40. Machine Learning for Author ID
Machine Learning for Author ID
A couple of years ago, J.K. Rowling (of Harry Potter fame) tried something interesting. She wrote a book, “The Cuckoo’s Calling,” under the name Robert Galbraith. The book received some good reviews, but no one paid much attention to it--until an anonymous tipster on Twitter said it was J.K. Rowling. The London Sunday Times enlisted two experts to compare the linguistic patterns of “Cuckoo” to Rowling’s “The Casual Vacancy,” as well as to books by several other authors. After the results of their analysis pointed strongly toward Rowling as the author, the Times directly asked the publisher if they were the same person, and the publisher confirmed. The book exploded in popularity overnight.
We’ll do something very similar in this project. We have a set of emails, half of which were written by one person and the other half by another person at the same company . Our objective is to classify the emails as written by one person or the other based only on the text of the email. We will start with Naive Bayes in this mini-project, and then expand in later projects to other algorithms.

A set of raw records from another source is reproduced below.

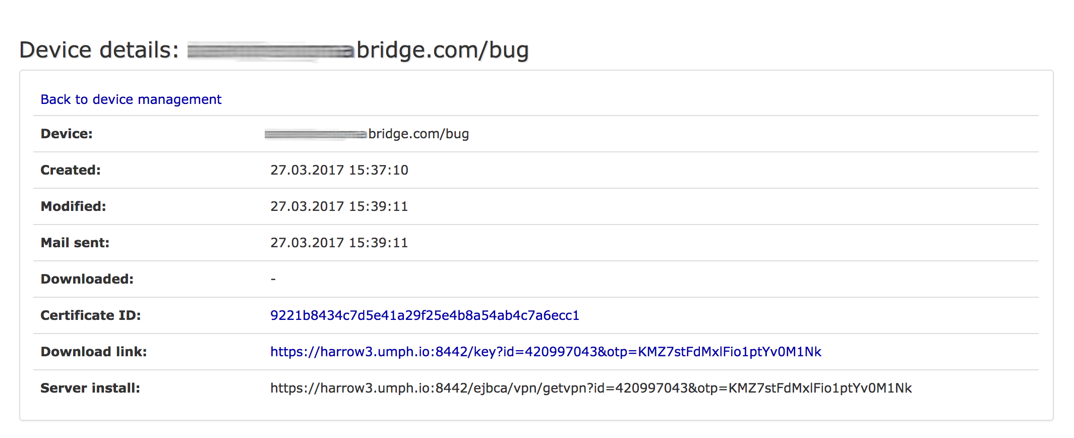 - once on the device detail page, copy the "Server install" link.
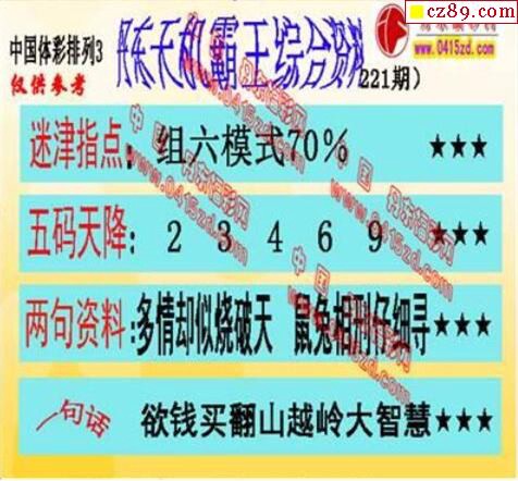 2019年221期牛彩网体彩P3画迷图谜汇总分享
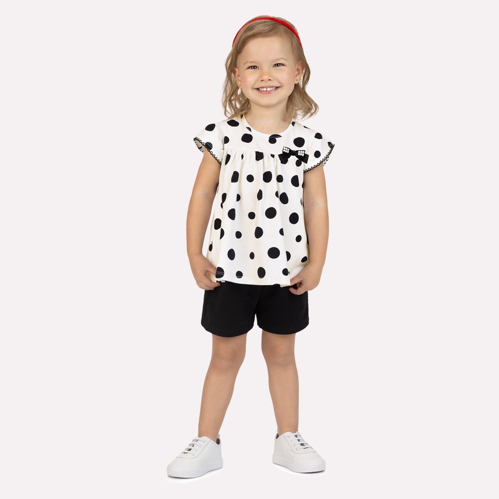 A parte superior é uma blusa em cotton, confeccionada em 95% algodão e 5% elastano, garantindo toque extremamente macio, respirabilidade e elasticidade na medida certa. A modelagem é levemente evasê, com recorte abaixo do busto que cria um caimento solto e gracioso. As mangas com picueta adicionam volume delicado e movimento à peça, enquanto a estampa de póas traz um visual elegante e equilibrado, valorizando o design com suavidade e leveza.
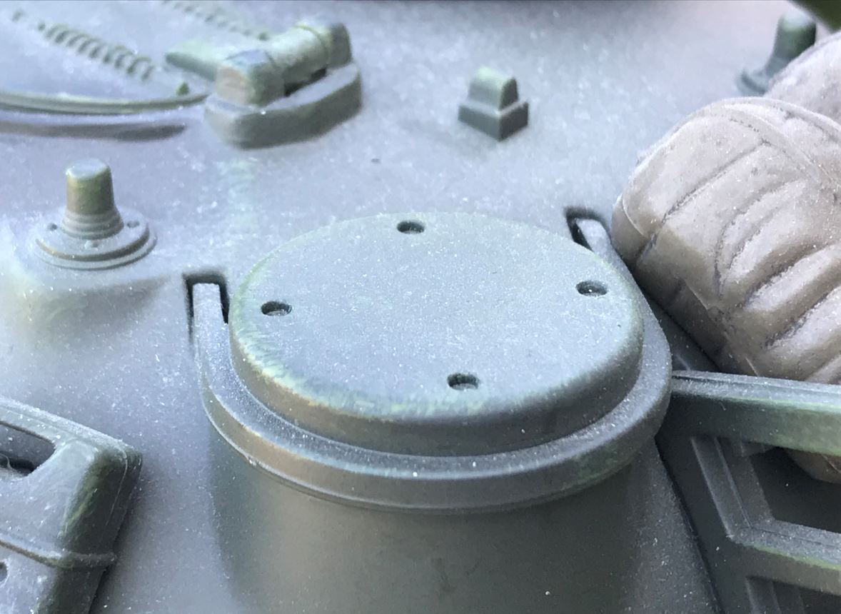 The ventilation cover was reworked, reduced by 2 mm in diameter, corners made round with shape inspired from reference picture and Dragon kit. It sits on a new base made of plasticard. The 3 attachment points are a bit too big. I will try to find smaller ones.
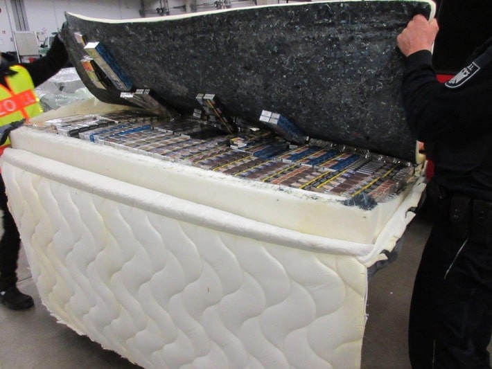 Daraufhin wurde eine Matratze geöffnet und zum Vorschein kamen die ersten unversteuerten Zigaretten. Am Ende stellte sich heraus, dass sechs der geladenen acht Matratzen komplett mit Zigaretten ausgefüllt waren. Insgesamt zählten die Beamten knapp 165.000 Zigaretten!

We will start by giving you a list of strings. Each string is the text of an email, which has undergone some basic preprocessing; we will then provide the code to split the dataset into training and testing sets. (In the next lessons you’ll learn how to do this preprocessing and splitting yourself, but for now we’ll give the code to you).
One particular feature of Naive Bayes is that it’s a good algorithm for working with text classification. When dealing with text, it’s very common to treat each unique word as a feature, and since the typical person’s vocabulary is many thousands of words, this makes for a large number of features. The relative simplicity of the algorithm and the independent features assumption of Naive Bayes make it a strong performer for classifying texts. In this mini-project, you will download and install sklearn on your computer and use Naive Bayes to classify emails by author.